▶ [Work item]
Among the entries below, find the line with "İstanbul'un simgelerinden birisi" and the line with "Elegant watercolor greenery, black". Return exactly those lines and every line between them, but no pictures.
** Opening Stored data block **
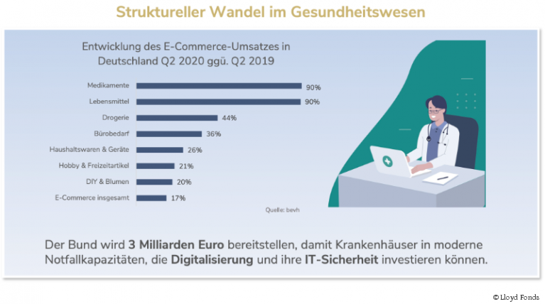 Als weiteren Bereich, der von der Corona-Pandemie stark profitiere, nennt Thaler die E-Commerce-Branche: „Im Lockdown ist der stationäre Einzelhandel erwartungsgemäß zusammengebrochen. Aber auch seit Juni ist die Verschiebung hin zum Onlinehandel bestehen geblieben. HelloFresh zum Beispiel war im Lockdown ein Boomwert, die die Marke von drei Milliarden Euro an Umsatz geknackt hat“ sagt Maximilian Thaler, der sein Augenmerk weniger auf die E-Commerce-Marktführer wie Amazon, Zalando oder Asos richtet. Er stellt eher die Frage: Wer sorgt für die Infrastruktur? Und wird zum Beispiel bei Interroll fündig, einem europäischen Marktführer für Materialflusslösungen. „Egal, ob Amazon oder Zalando: Interroll ist immer dabei. Wenn die Anzahl der Sendungen massiv steigt, profitiert das Unternehmen davon, ganz gleich, wer die Pakete versendet. Deshalb ist Interroll für uns einer der großen, unbekannten Gewinner des E-Commerce-Booms“, so Thaler.
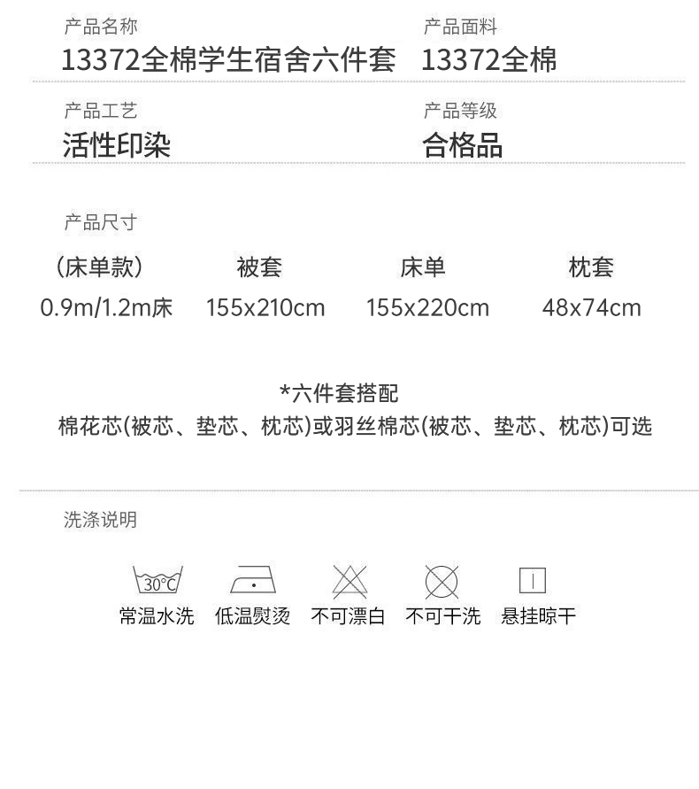 六件套:【三件套+3斤棉花被+4斤棉花褥垫(90*200)+枕芯】 | ¥148.00 |
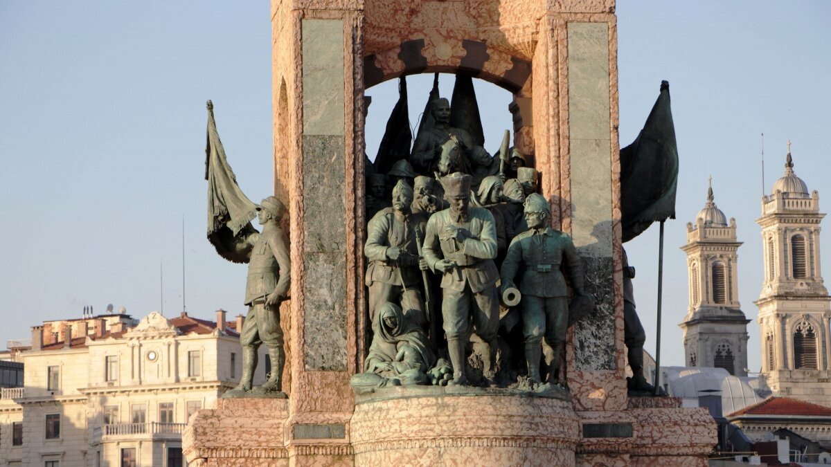 İstanbul'un simgelerinden birisi olan Atatürk ve silah arkadaşlarının yer aldığı, milli mücadele ve Türkiye'nin modern yüzünü simgeleyen heykelde ayrıca 2 sancaktar bulunuyor.
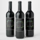 Elegant watercolor greenery, black wedding wine bottle label. Label features modern watercolor botanical foliage frame. Template text lines for date, names and location.
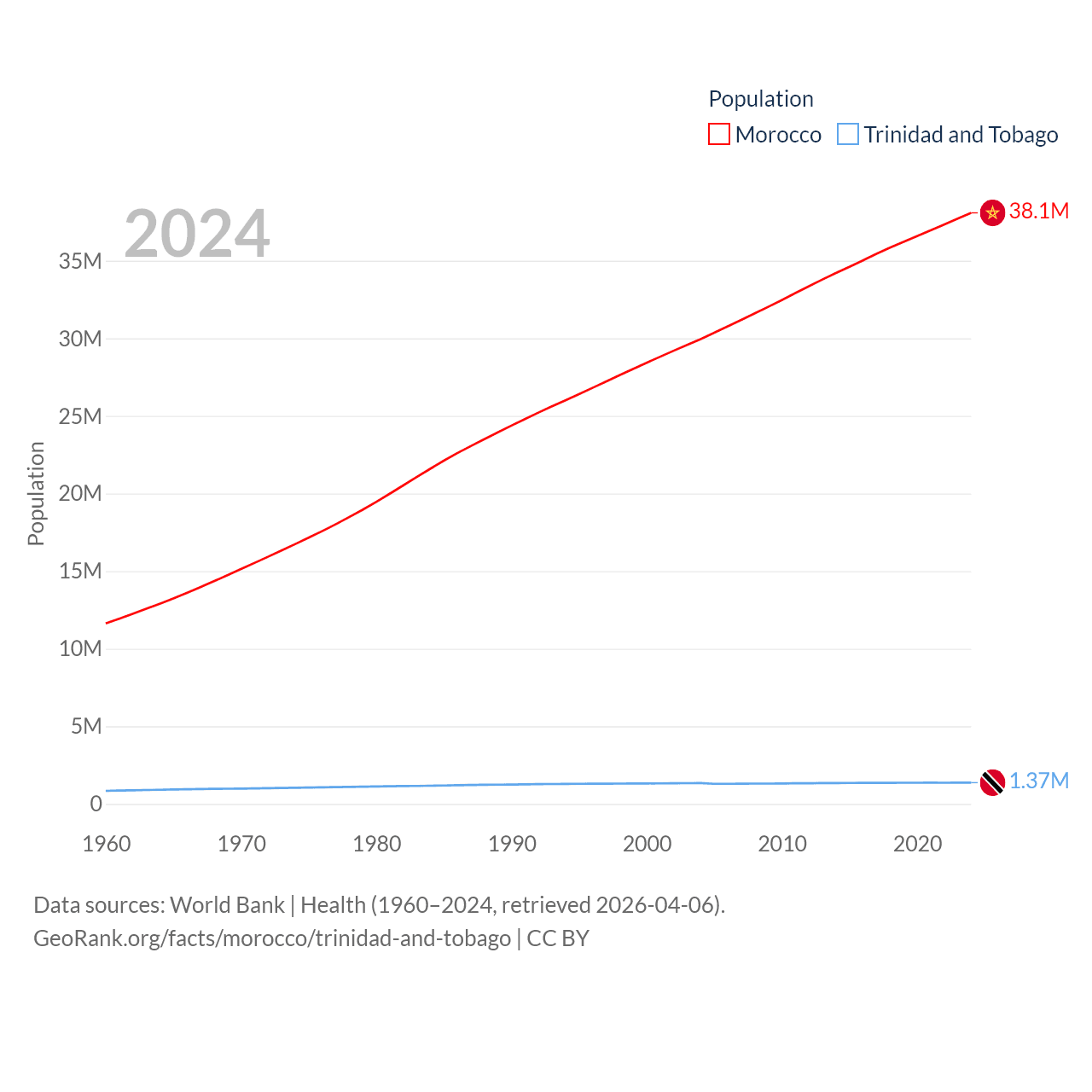 Morocco has a population of 38.1M (ranked 39/197), compared with 1.37M in Trinidad and Tobago (ranked 154/197). Morocco's land area is 172,317 sq mi versus 1,981 sq mi for Trinidad and Tobago (ranked 55th vs. 166th).
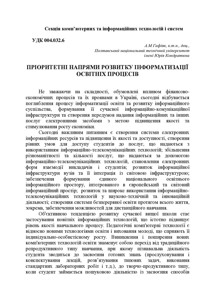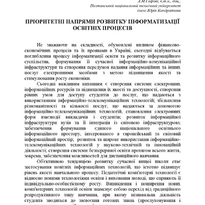 Пріоритетні напрями розвитку інформатизації освітніх процесів
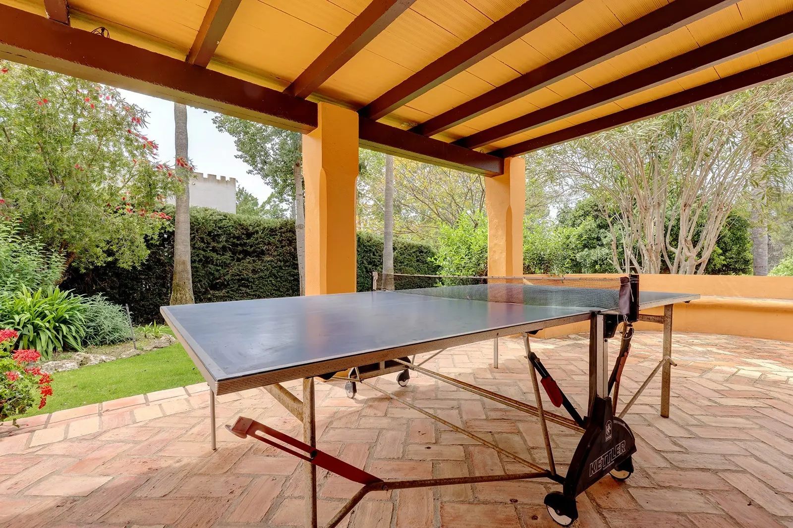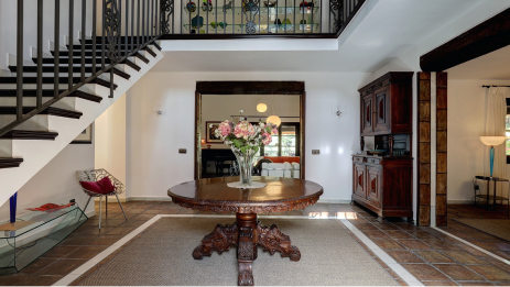 The house is located in a beautiful, quiet, and lush villa area with large properties, an 8-minute drive from Puerto Banus, 20 minutes to Marbella city center, and 45 minutes to Malaga airport.
** Closing Stored data block **
▶ [Exercise response]
 İstanbul'un simgelerinden birisi olan Atatürk ve silah arkadaşlarının yer aldığı, milli mücadele ve Türkiye'nin modern yüzünü simgeleyen heykelde ayrıca 2 sancaktar bulunuyor.
 Elegant watercolor greenery, black wedding wine bottle label. Label features modern watercolor botanical foliage frame. Template text lines for date, names and location.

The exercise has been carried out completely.